Em 25 de outubro de 1996, às 17h, a sirene parou de soar, mas a comunidade ficou insatisfeita com essa decisão. Após manifestações populares, a sirene foi reativada em 1º de setembro de 2000. Atualmente, o apito pode ser ouvido dez vezes ao dia: 6h30, 6h45, 6h55, 7h, 10h55, 11h, 12h15, 12h30, 16h55 e 17h, além de ocasiões extraordinárias como os falecimentos de trabalhadores da ferrovia. Durante a pandemia da covid-19, em 2021, a sirene foi utilizada para marcar o toque de recolher necessário à época para a garantia do distanciamento físico e prevenção à epidemia. A partir de um decreto municipal, de 2019, o toque da sirene das oficinas da Rede Ferroviária foi registrado como patrimônio cultural imaterial de Divinópolis.
“Eu ficava nervoso, ficava triste quando ouvia o apito tocar pra ir embora pra casa. Eu queria sempre continuar no trabalho pra ver o resultado pronto o quanto antes.”
Depoimento de Henrique Dimas, supervisor de caldeiraria aposentado.
“Meu marido Ary até hoje se emociona toda vez que escuta o apito. Várias vezes o vejo com os olhos marejados ao ouvir o soar constante. No nosso casamento, sem ninguém combinar nada, assim que a cerimônia acabou, a ferrovia apitou e nos beijamos ao som do apito do trem.”
Depoimento de Letícia Alvarenga, esposa de Ary Alvarenga, mecânico aposentado.
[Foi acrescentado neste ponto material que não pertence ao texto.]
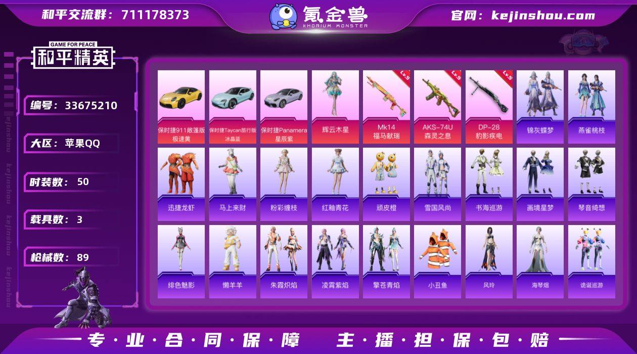 【LHPX2639】【特价出售/店主推荐--热门套装小丑鱼】苹果 手Q-1粉装-3特效枪-3载具-2粉色飞行器-27607热力值-5王牌印记-50套装-89枪皮【热门品类】:套装-小丑鱼【粉色套装】:角色-辉云木星【粉色枪皮等级】:AKS-74U-森灵之息(五级),Mk14-福马献瑞(五级),DP-28-豹影疾电(五级)【粉色载具】:保时捷911 敞篷版(极速黄),保时捷Taycan 旅行版(冰晶蓝),保时捷Panamera(星辰紫)【粉色枪皮】:AKS-74U-森灵之息,Mk14-福马献瑞,DP-28-豹影疾电【粉色飞行器】:炫彩糖果飞行器,星之彼岸飞行器
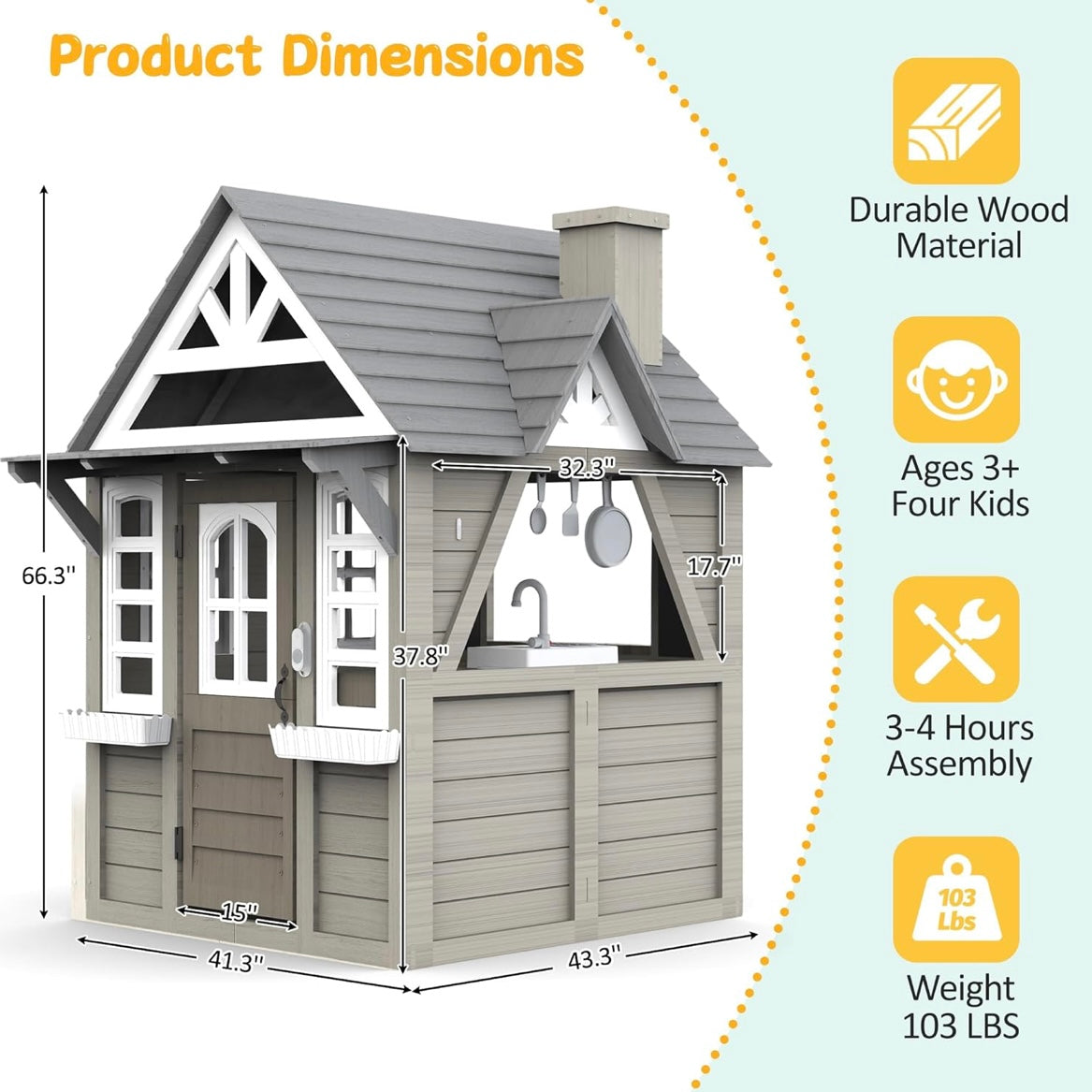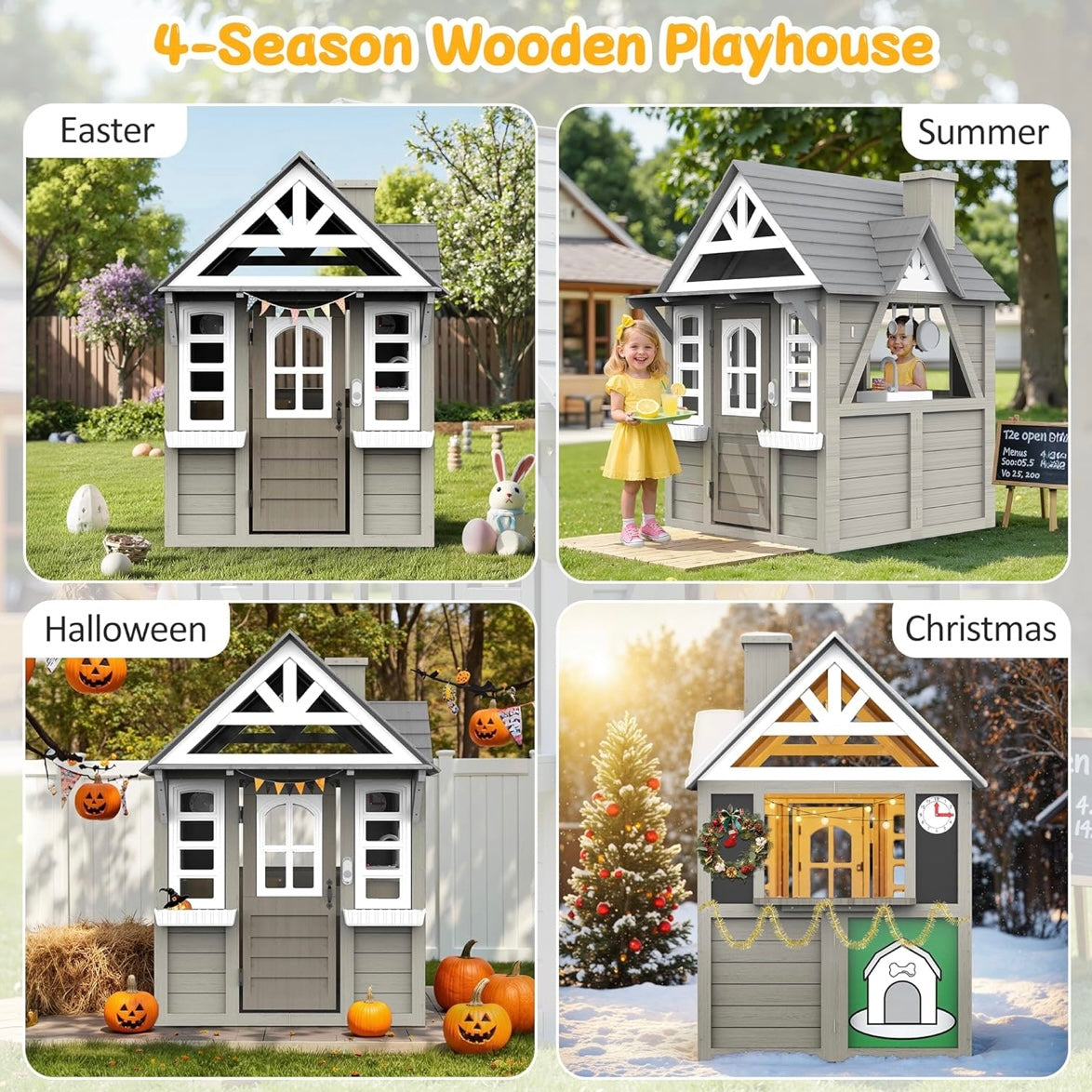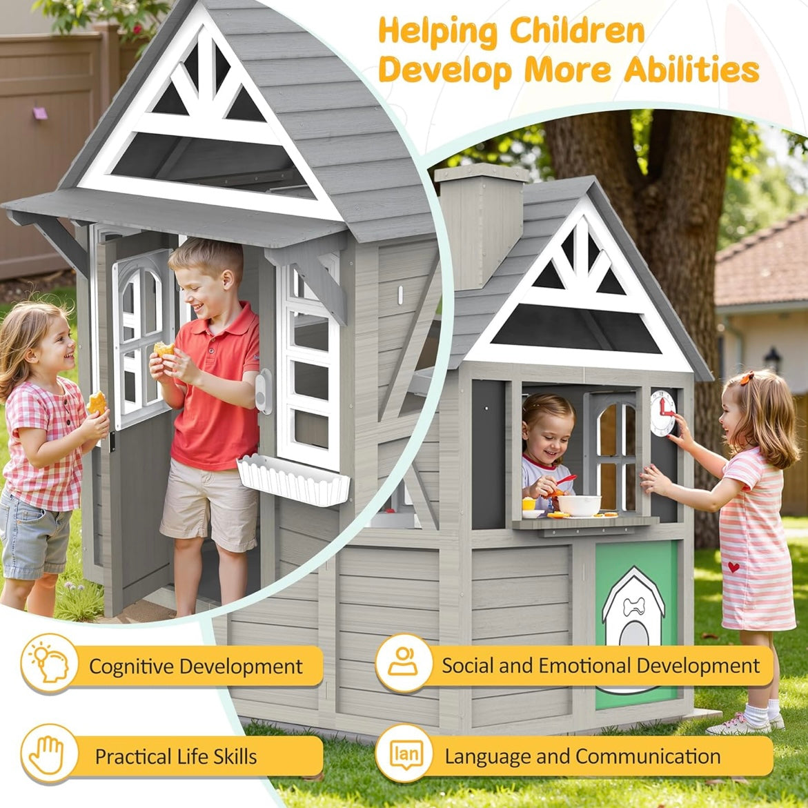Crea un espacio mágico de juego con esta casa de juegos de madera para niños, diseñada para fomentar la imaginación, el juego en grupo y el desarrollo social. Gracias a su interior amplio, puede acomodar cómodamente de 2 a 4 niños al mismo tiempo, convirtiéndola en el lugar ideal para compartir aventuras, juegos cooperativos y momentos inolvidables.

Casa de Milagres de Divinópolis
Conhecida como uma das maiores e mais bem montadas em toda a América do Sul, as oficinas, também chamadas de “Casa de Milagres”, foram amplamente reconhecidas pela produção de rodas inteiriças em ferro fundido regelado, com ênfase no ano de 1940, em que foram produzidas 416 rodas de alta resistência. Nesse processo de fabricação das rodas, os ferroviários criaram uma técnica própria que passou a ser utilizada por diversos outros setores industriais.
“Já fui operador de guindaste de locomotiva e responsável pela equipe de socorro de Divinópolis. Nós ganhamos reconhecimento como a melhor equipe de socorro do país.”
Depoimento do ferroviário aposentado Mário Paixão.